§ PROBLEM REQUIREMENTS
Once you find the line below that has "The Donation Kiosk", output it and every line after it exactly, stopping after the line that has "Der sportliche Hoodie", with no pictures.
(Beginning of DATA FOR ANALYSIS)
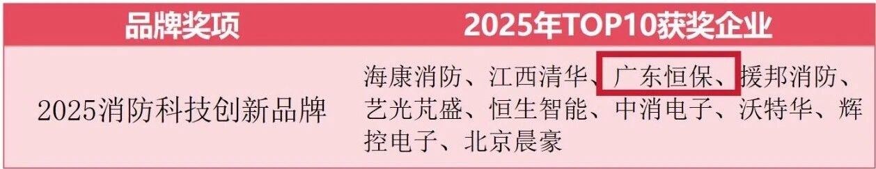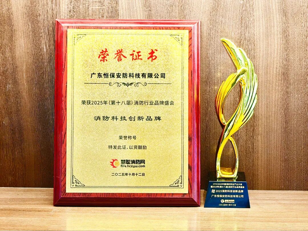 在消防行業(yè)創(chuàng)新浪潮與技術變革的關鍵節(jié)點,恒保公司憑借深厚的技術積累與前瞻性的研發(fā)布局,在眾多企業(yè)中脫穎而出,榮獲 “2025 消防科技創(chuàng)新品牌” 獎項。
(End of DATA FOR ANALYSIS)
(Beginning of DATA FOR ANALYSIS)
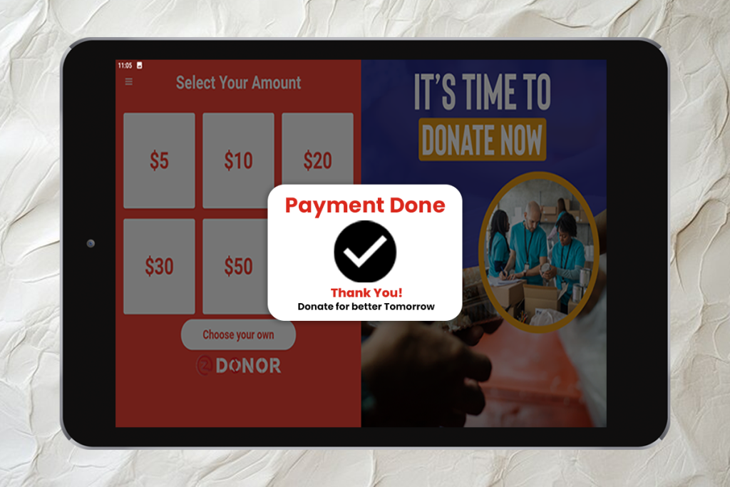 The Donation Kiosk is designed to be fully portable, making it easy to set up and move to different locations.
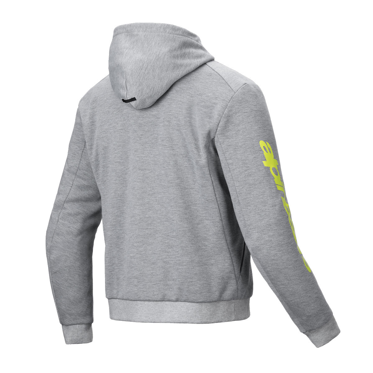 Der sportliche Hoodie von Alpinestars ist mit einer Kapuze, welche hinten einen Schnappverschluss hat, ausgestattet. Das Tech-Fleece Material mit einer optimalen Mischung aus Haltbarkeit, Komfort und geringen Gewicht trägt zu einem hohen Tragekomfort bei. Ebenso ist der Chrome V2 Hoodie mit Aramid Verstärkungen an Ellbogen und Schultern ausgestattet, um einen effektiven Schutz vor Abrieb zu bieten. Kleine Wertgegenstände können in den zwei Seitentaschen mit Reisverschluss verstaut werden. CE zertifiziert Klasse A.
(End of DATA FOR ANALYSIS)
(Beginning of DATA FOR ANALYSIS)
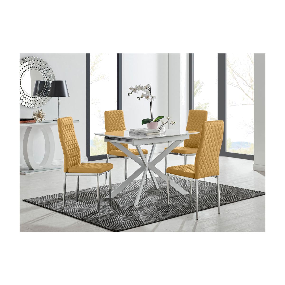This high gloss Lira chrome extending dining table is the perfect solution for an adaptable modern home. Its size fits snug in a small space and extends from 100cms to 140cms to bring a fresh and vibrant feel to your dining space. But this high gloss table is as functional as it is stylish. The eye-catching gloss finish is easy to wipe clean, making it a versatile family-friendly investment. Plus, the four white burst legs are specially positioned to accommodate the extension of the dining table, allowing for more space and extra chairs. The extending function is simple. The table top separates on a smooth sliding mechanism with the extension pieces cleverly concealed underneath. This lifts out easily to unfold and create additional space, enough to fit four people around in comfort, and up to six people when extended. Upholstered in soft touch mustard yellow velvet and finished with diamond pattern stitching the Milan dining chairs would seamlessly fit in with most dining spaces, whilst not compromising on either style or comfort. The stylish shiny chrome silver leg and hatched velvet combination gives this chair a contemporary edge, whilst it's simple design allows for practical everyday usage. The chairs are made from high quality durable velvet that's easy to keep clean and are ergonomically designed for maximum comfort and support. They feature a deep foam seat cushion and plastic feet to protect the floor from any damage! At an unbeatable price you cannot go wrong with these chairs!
(End of DATA FOR ANALYSIS)
§ RESULT BELOW
 The Donation Kiosk is designed to be fully portable, making it easy to set up and move to different locations.
 Der sportliche Hoodie von Alpinestars ist mit einer Kapuze, welche hinten einen Schnappverschluss hat, ausgestattet. Das Tech-Fleece Material mit einer optimalen Mischung aus Haltbarkeit, Komfort und geringen Gewicht trägt zu einem hohen Tragekomfort bei. Ebenso ist der Chrome V2 Hoodie mit Aramid Verstärkungen an Ellbogen und Schultern ausgestattet, um einen effektiven Schutz vor Abrieb zu bieten. Kleine Wertgegenstände können in den zwei Seitentaschen mit Reisverschluss verstaut werden. CE zertifiziert Klasse A.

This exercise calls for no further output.